Ловко перемахнув через борт, старший лейтенант спрыгнул на землю, поправил портупею, разогнав привычным движением складки гимнастерки под ремнем, потом вскинул руку к козырьку:
– Командир взвода старший лейтенант Акимцев. Прибыл в ваше распоряжение с личным составом и техникой.
– Лейтенант Соколов, – козырнул Алексей и первым, как полагается старшему по должности, протянул руку. – Прошу в дом. У вас карта с собой?
– Мне сказали в штабе, что карты получили вы, но район предстоящих действий я изучал.
Соколов первым вошел в дом, в котором квартировал его экипаж, снял пилотку, повесив ее на гвоздь у двери, и старательно вытер ноги о вязаный половичок. Чувство раздражения не проходило, и это было плохо. Ему ведь с этим старшим лейтенантом воевать, выполнять общую задачу, а в бою командирам надо не просто слушать друг друга, нужно друг друга буквально чувствовать. И без личного контакта тут никак нельзя. Дело погубишь и людей погубишь. «А если он еще и с гонором окажется?» – недовольно подумал Соколов, подходя к столу и доставая из планшета карту.

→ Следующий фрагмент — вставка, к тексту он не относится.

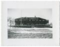
View of File Hills Residential School from the girls' playground (13d-c5708-d15)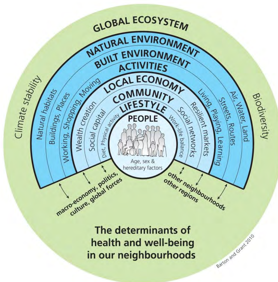
Diagram 1: The determinants of health and well-being in our neighbourhoods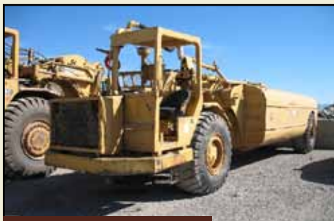
Cat 613B Water Wagon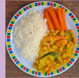
NEW Chickpea Curry with Rice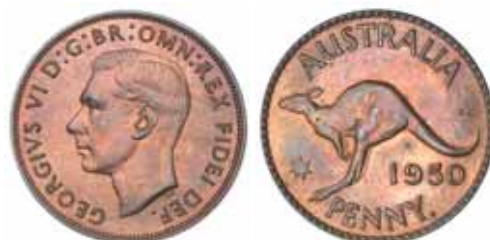
1453* George VI , Perth Mint proof penny, 1950. Light red brown and red toned, nearly FDC and very rare. $12,000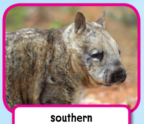
southern hairy-nosed wombat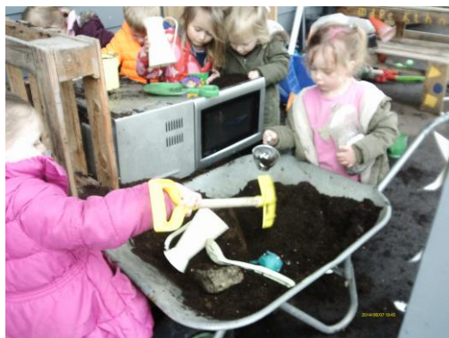
Learning through play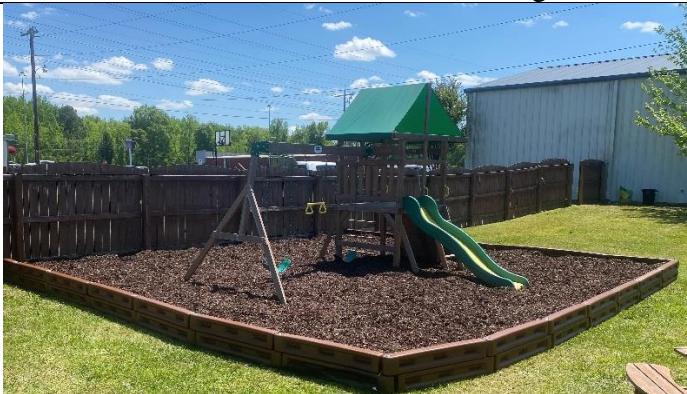
The completed project.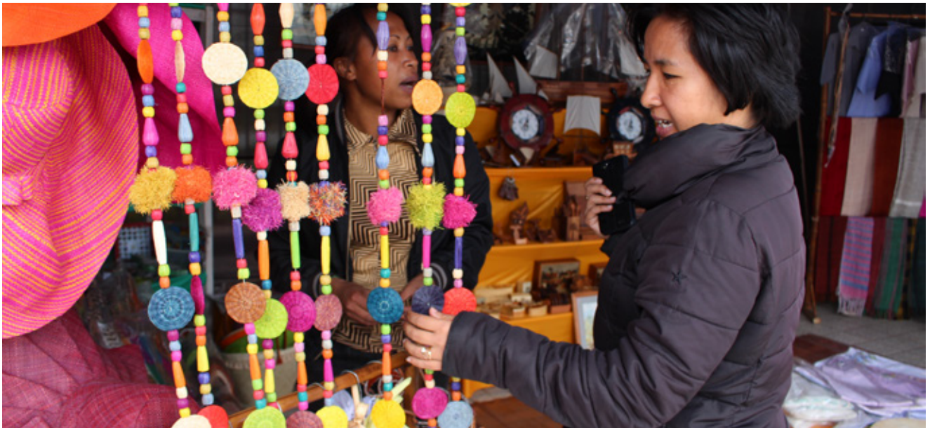
File/ A tourism enterprise in Antananarivo, Madagascar

By the end of 2020, nine countries had launched the 50 Million African Women Speak Platform, which aims at facilitating a dynamic and engaging exchange of ideas among women entrepreneurs. These were Zambia, Zimbabwe, Seychelles, Madagascar, Eswatini, DR Congo, Egypt, Djibouti and Tunisia.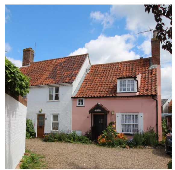
Nos.14 & 16 Snowdens Yard

Nos.14 & 16 Snowdens Yard (Positive Unlisted Buildings). A pair of early to mid-nineteenth century cottages. No.14 of a single storey and attics, built of rendered brick with a red pan tiled roof. Substantial red brick stack to eastern gable. Twenty light hornless sash window with shutters to the ground floor. Twentieth century boarded front door in late twentieth century open-sided gabled wooden porch. Small casement window to stair and dormer above. No.16 of two storeys. Rendered brick with a red pan tiled roof and unsympathetic late twentieth century windows.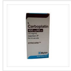
Carboplatin Injection IP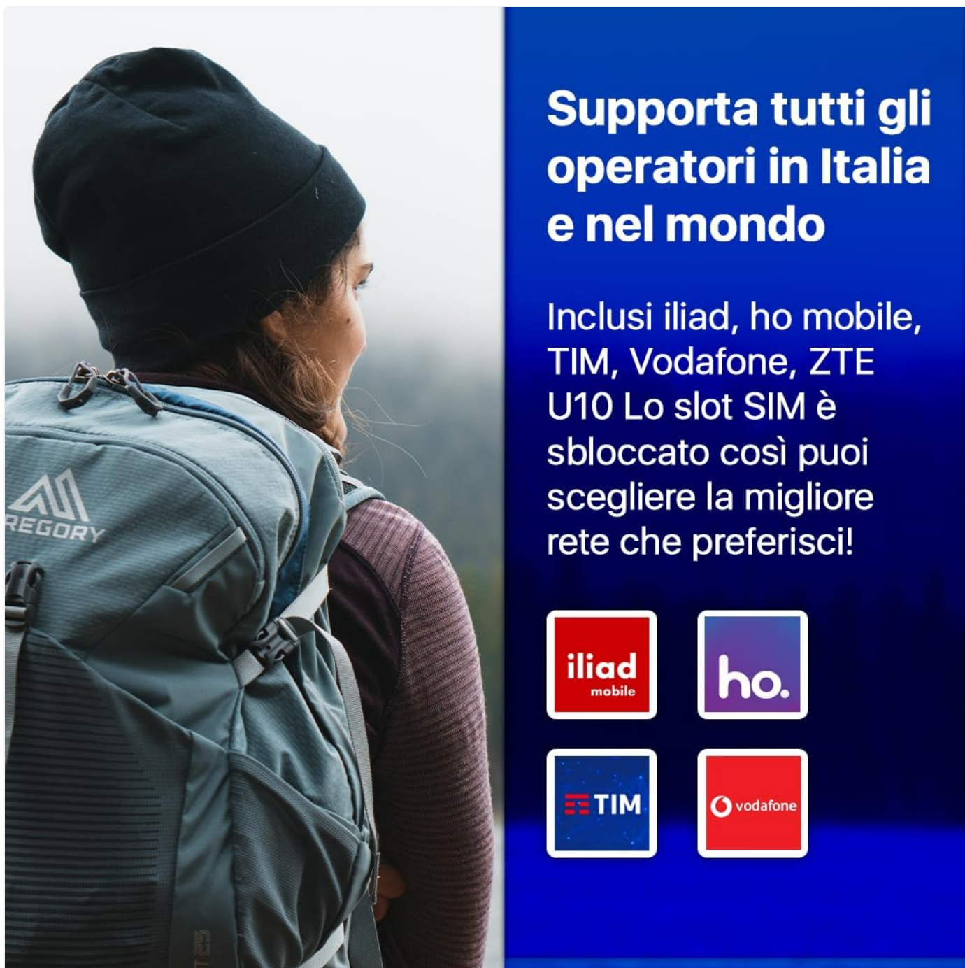
Image: This image illustrates that the ZTE U10 supports various mobile operators, including Iliad, Ho Mobile, TIM, and Vodafone, indicating its unlocked SIM slot for user flexibility.

Стоявший рядом старший лейтенант вдруг протянул свою широкую ладонь.
– Захар, – представился он. – Я чувствую, что повел себя как-то не так с самого начала. Не судите строго. Я просто не думал, что командовать мной будет такой молодой командир, что у вас такие ротные бывают. Хотя в 41-м лейтенанты сразу после училища целыми полками командовали.
– Алексей, – ответил на рукопожатие Соколов, чувствуя, что внутри у него теплеет. – А я ничего такого и не подумал. Вы же не знали, кто я.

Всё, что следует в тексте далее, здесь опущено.